The last couple of months have been extremely challenging. No, strike that, the last couple of years have been challenging to the maximum.

I'm now back home in London. I was living, with my husband, in Holland, BUT  it was a soul destroying experience. Not because of my darling husband, but because of the events that occurred out there. I won't go into it, as it is private, but suffice to say, it was an eye opening experience. These life changing events  have taken resident in my psyche and burned into my memory. It will  make for a fantastic novel one day, if I decide to open up the proverbial can of worms which are still wriggling about in that particular environment.But I digress!

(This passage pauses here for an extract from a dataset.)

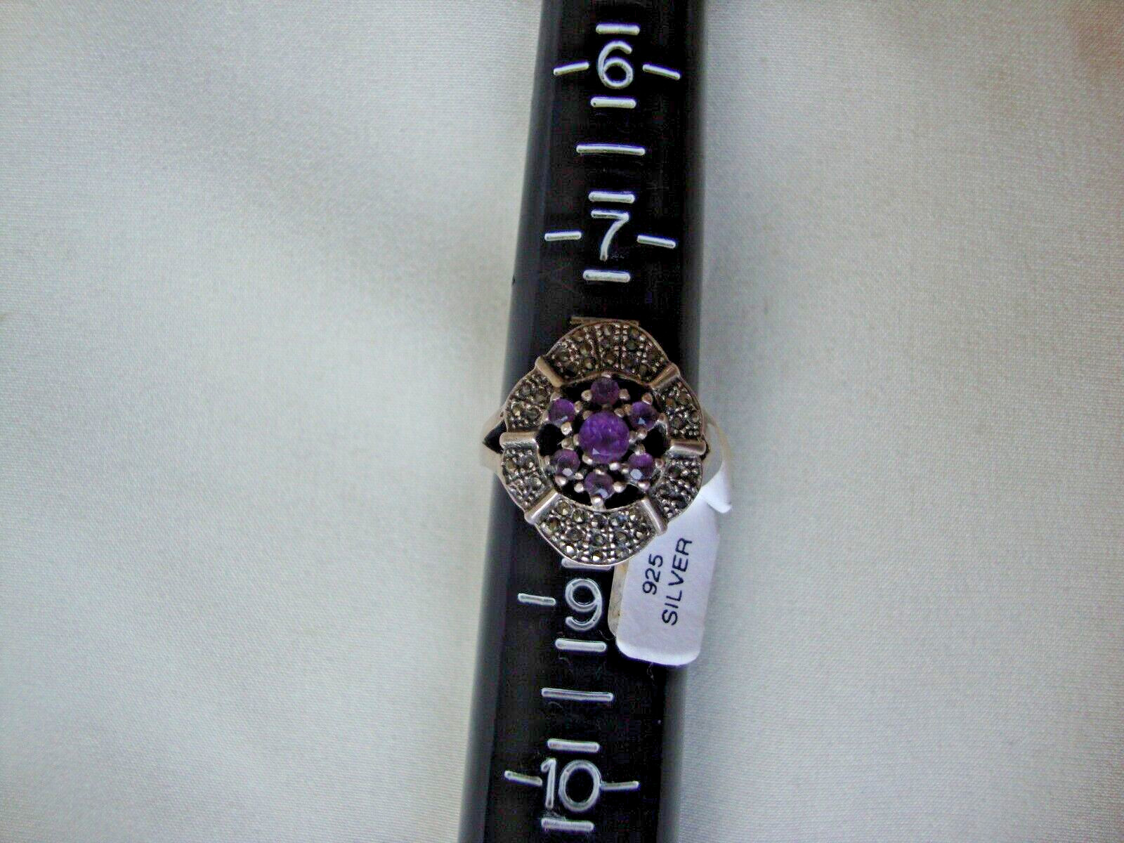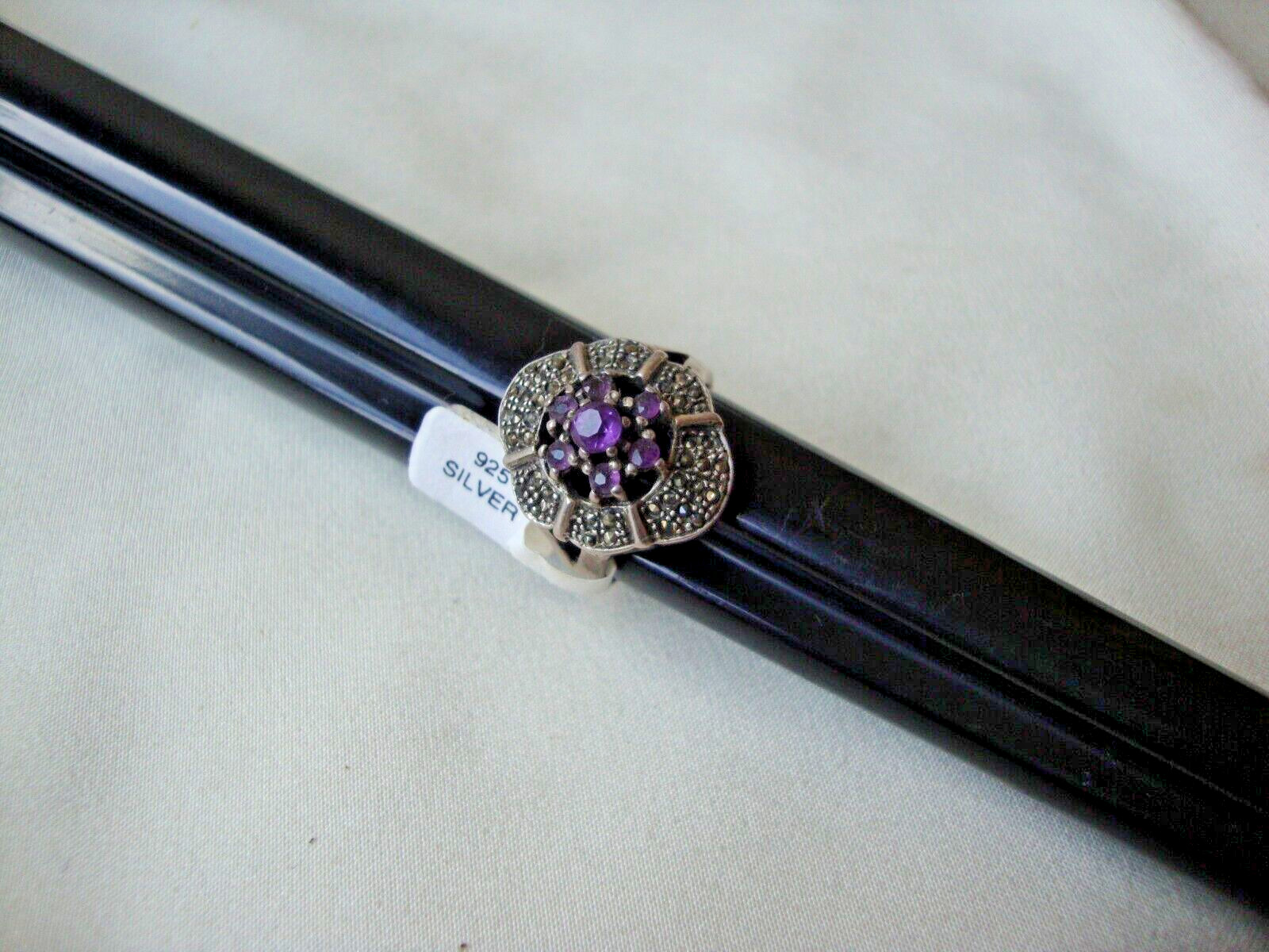 VINTAGE AMETHYST CLUSTER W/ MARCASITE ACCENTS COCKTAIL RING SILVER 925 SZ 8

You know that adage, ' you don't know what you have got until its gone'? That, in essence is what is resonating with me so much lately. I took a lot of things for granted. I did not appreciate a lot of stuff. Not to beat up on myself here, but leaving London and taking this particular journey was paradoxical for me. In a way. I'm glad that I had the chance and opportunity to travel and live somewhere different. But I wish it was for something else! I made the choice and I am happy I made that choice, because I wouldn't be writing these words today. Most importantly, I would still be in 'exist' mode, thus, no change or dare I say, I would not be facing these difficult challenges.
 
Coming back to London I feel that I have to recreate and reestablish  myself all over again. It seems like a long slog, and it has been extremely challenging and dang right difficult. When you are in the current position that I am in, and being vulnerable to boot, you look to a Higher Power; get all introspective and ultimately, look for tools which will allow you to fly and soar once again. That's what I am doing, but I've taken a few proverbial knocks and my armour has been slightly dented!

My relationship with Spirit has always been consistent, but sometimes, on occasions,  I feel that my voice is just echoing in the wilderness. I feel that I am in the desert, looking for ways for survival; some water for my off and on dry and mute voice, where my words and sometimes actions, are looked upon as a challenge from my loved ones.

Nonetheless, I am a survivor! I have always been a survivor. Reverting to 'victim mode' is not hemmed in by my particular DNA. I will always remain an eternal optimist.

So, what does one do when challenging times slaps them on the side of the head? Well, for me, its needed. Before leaving London, I couldn't 'see the forest through the trees.' I lost sight of the bigger issue and what I had to do with my life. I was just 'existing' and going through the familiar route that we, as humans have been programmed into: to be 'successful'  products of society.

Now, I am gradually seeing the wood, the wonderful forest and all of the beautiful leaves! I see the colours, the smells; my senses have been revitalised. Its funny, in times of challenges how things in your life become finer tuned and dare I say, crystal clear. Its like I was looking at my life through a misty window, and now, albeit at times, I see amazing clarity.

My journey is still challenging and sometimes I do get 'stuck'; I will still face hurdles and barriers in what I know that I have been predestined to undertake before I transition.  However, my journey, my path, though still, at times,are littered with many baggage that I have to bear, seems altogether, lighter.

In closing, my sister has a quote on her fridge, which reads: 'Challenges do not come to small people, they come to great people'. Very valid and true.

I see my current challenges as growth. Sometimes growth can be tiring and painful, but when one reaches their full potential, watch them ascend. Watch me rise.